In this paper, we propose a variational model, iterative Structural Inference of Directed Graphs (iSIDG), to infer the existence of directed interactions from observational agents’ features over a time period in a dynamical system. First, the iterative process in our model feeds the learned interactions back to encourage our model to eliminate indirect interactions and to emphasize directional representation during learning. Second, we show that extra regularization terms in the objective function for smoothness, connectiveness, and sparsity prompt our model to infer a more realistic structure and to further eliminate indirect interactions. We evaluate iSIDG on various datasets including biological networks, simulated fMRI data, and physical simulations to demonstrate that our model is able to precisely infer the existence of interactions, and is significantly superior to baseline models.

TMLR Journal 2022 Journal Article

Simplifying Node Classification on Heterophilous Graphs with Compatible Label Propagation

  • Zhiqiang Zhong
  • Sergei Ivanov
  • Jun Pang

Graph Neural Networks (GNNs) have been predominant for graph learning tasks; however, recent studies showed that a well-known graph algorithm, Label Propagation (LP), combined with a shallow neural network can achieve comparable performance to GNNs in semi-supervised node classification on graphs with high homophily. In this paper, we show that this approach falls short on graphs with low homophily, where nodes often connect to the nodes of the opposite classes. To overcome this, we carefully design a combination of a base predictor with LP algorithm that enjoys a closed-form solution as well as convergence guarantees. Our algorithm first learns the class compatibility matrix and then aggregates label predictions using LP algorithm weighted by class compatibilities. On a wide variety of benchmarks, we show that our approach achieves the leading performance on graphs with various levels of homophily. Meanwhile, it has orders of magnitude fewer parameters and requires less execution time.
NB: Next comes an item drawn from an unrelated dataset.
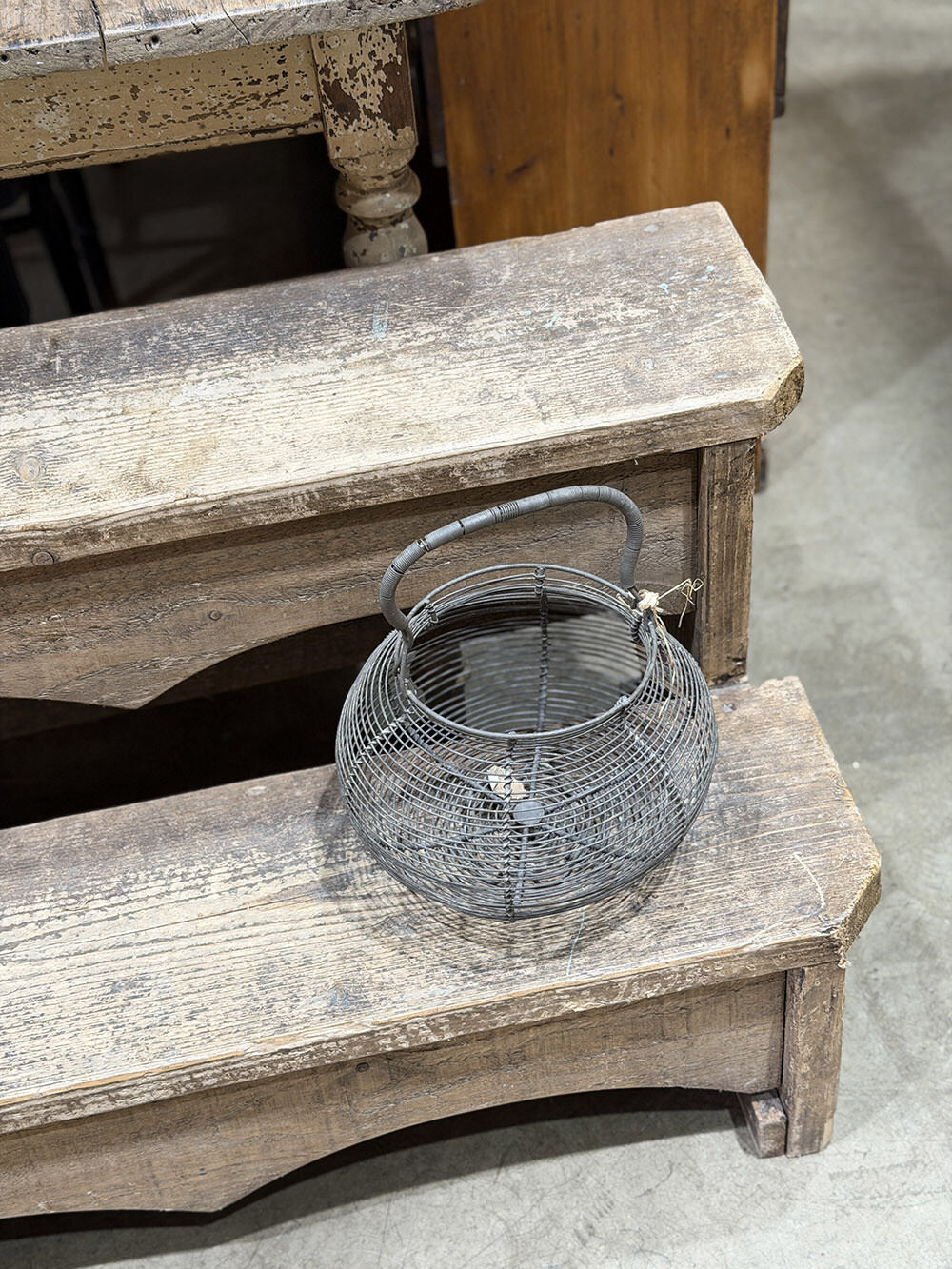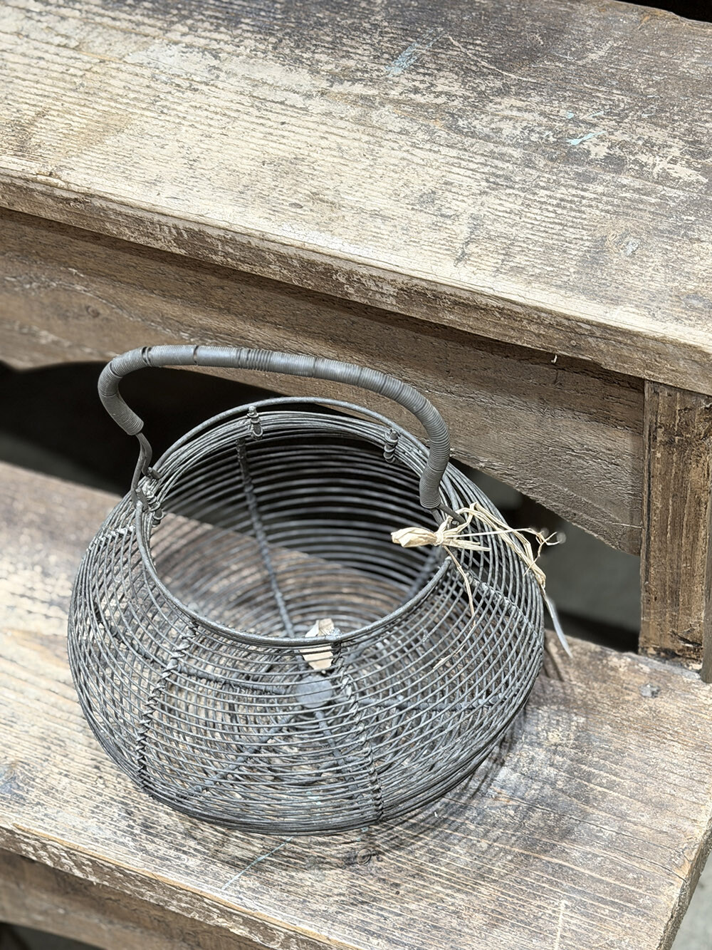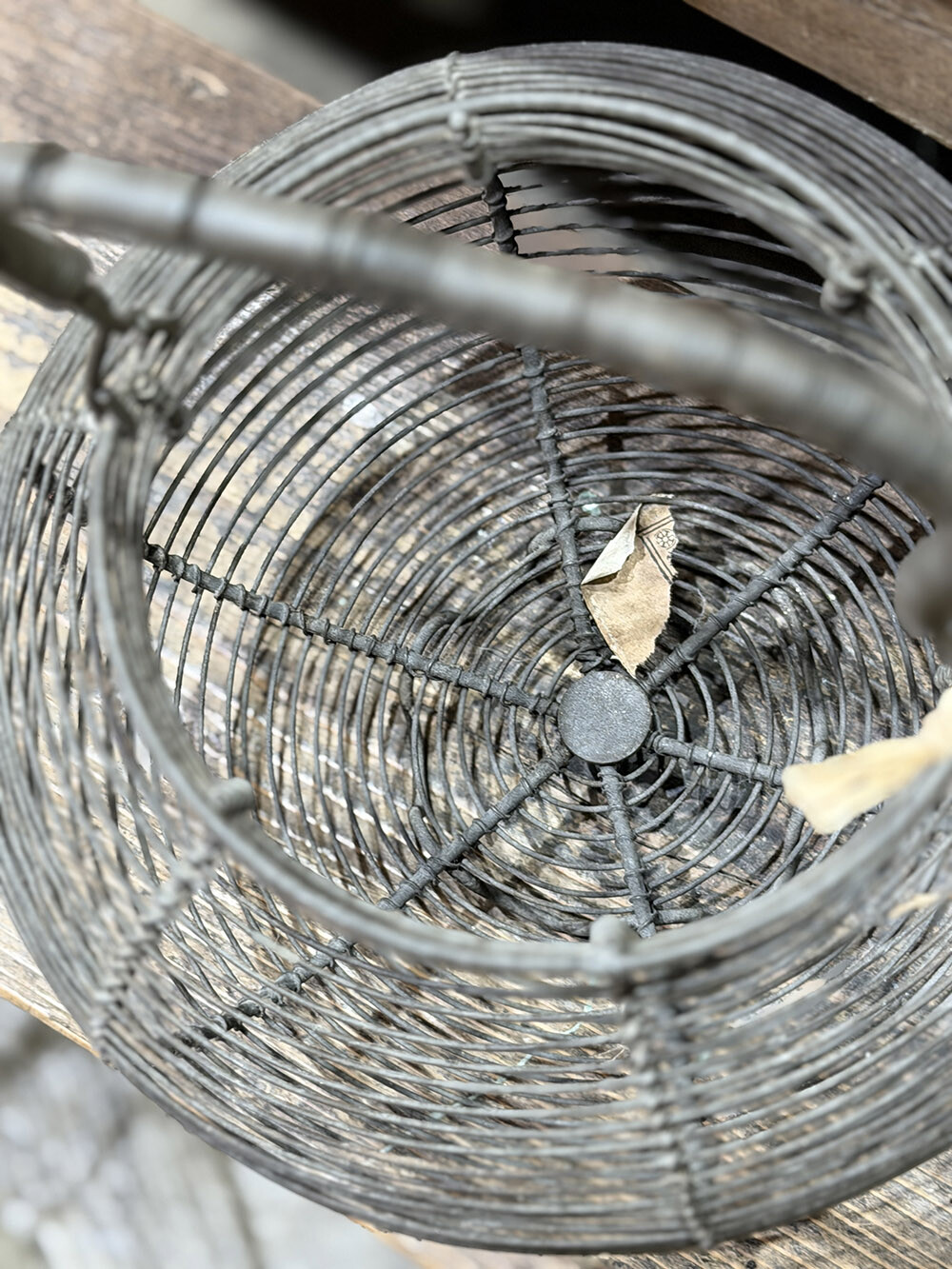 빈티지 와이어 메쉬 바스켓으로, 철 와이어를 촘촘하게 엮어 둥근 형태로 제작된 실용적인 바구니입니다. 계란을 담아두거나 소량의 채소, 허브, 꽃 등을 수확해 옮기던 용도로 사용되던 타입으로, 바닥이 살짝 떠 있는 구조와 손잡이의 균형이 기능적으로도 잘 짜여 있죠. 긴 시간이 흐르면서 생성된 철 특유의 파티나가 분명하게 드러나며 시간의 층위를 느끼게 합니다.

TMLR Journal 2022 Journal Article

Unsupervised Network Embedding Beyond Homophily

  • Zhiqiang Zhong
  • Guadalupe Gonzalez
  • Daniele Grattarola
  • Jun Pang

Network embedding (NE) approaches have emerged as a predominant technique to represent complex networks and have benefited numerous tasks. However, most NE approaches rely on a homophily assumption to learn embeddings with the guidance of supervisory signals, leaving the unsupervised heterophilous scenario relatively unexplored. This problem becomes especially relevant in fields where a scarcity of labels exists. Here, we formulate the unsupervised NE task as an r-ego network discrimination problem and develop the SELENE framework for learning on networks with homophily and heterophily. Specifically, we design a dual-channel feature embedding pipeline to discriminate r-ego networks using node attributes and structural information separately. We employ heterophily adapted self-supervised learning objective functions to optimise the framework to learn intrinsic node embeddings. We show that SELENE's components improve the quality of node embeddings, facilitating the discrimination of connected heterophilous nodes. Comprehensive empirical evaluations on both synthetic and real-world datasets with varying homophily ratios validate the effectiveness of SELENE in homophilous and heterophilous settings showing an up to 12.52% clustering accuracy gain.